Sunday, June 07, 2015

Brüning and Weimar

Weimar Republic

Brüning expected that the policy of deflation would temporarily worsen the economic situation before it began to improve, quickly increasing the German economy's competitiveness and then restoring its creditworthiness. His long-term view was that deflation would, in any case, be the best way to help the economy. His primary goal was to remove Germany's reparation payments by convincing the Allies that they could no longer be paid.[44] Anton Erkelenz, chairman of the German Democratic Party and a contemporary critic of Brüning, famously said that the policy of deflation is a:

rightful attempt to release Germany from the grip of reparation payments, but in reality it meant nothing else than committing suicide because of fearing death. The deflation policy causes much more damage than the reparation payments of 20 years ... Fighting against Hitler is fighting against deflation, the enormous destruction of production factors.[45] 

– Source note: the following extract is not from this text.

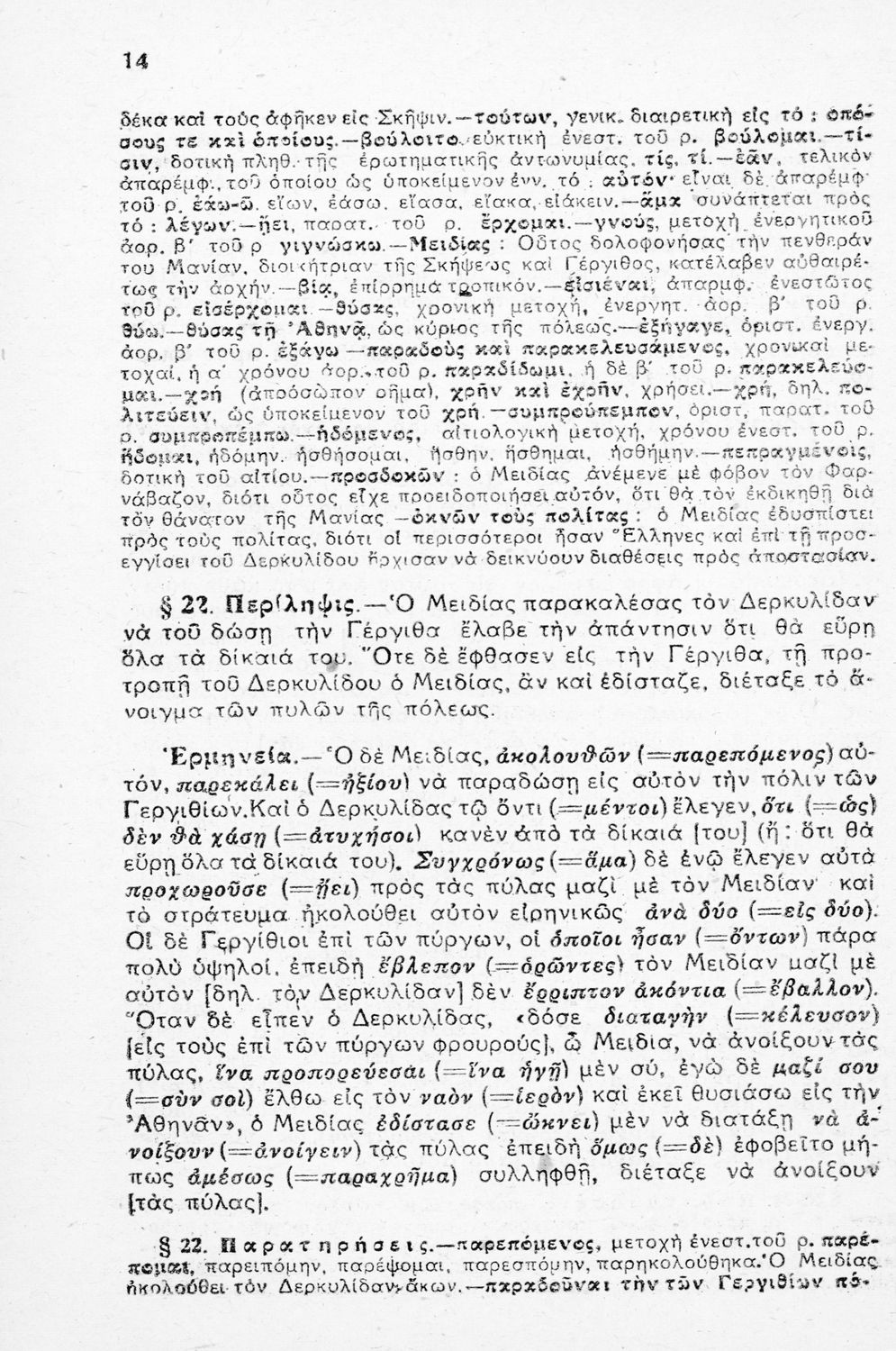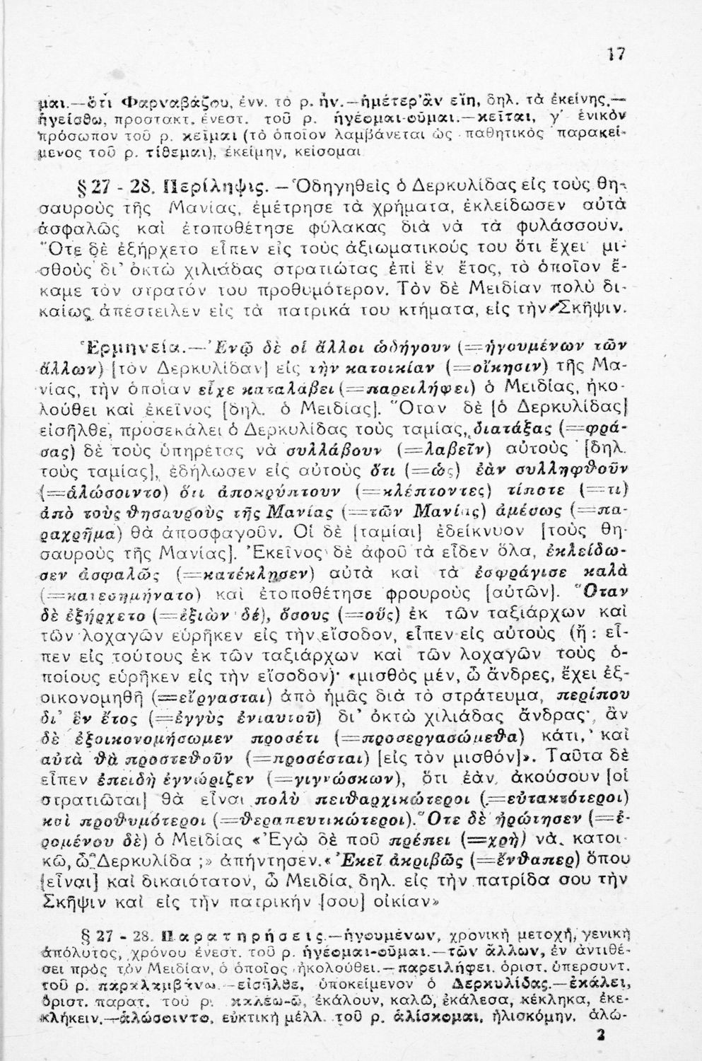 Μαθητικό βοήθημα Αρχαίων Ελληνικών για τη Δευτεροβάθμια Εκπαίδευση. Περιλαμβάνει μετάφραση, ερμηνευτικά, γραμματικά και συντακτικά σχόλια.

In 1933, the American economist Irving Fisher developed the theory of debt deflation. He explained that a deflation causes a decline of profits, asset prices and a still greater decline in the net worth of businesses. Even healthy companies, therefore, may appear over-indebted and facing bankruptcy.[43] The consensus today is that Brüning's policies exacerbated the German economic crisis and the population's growing frustration with democracy, contributing enormously to the increase in support for Hitler's NSDAP.[1]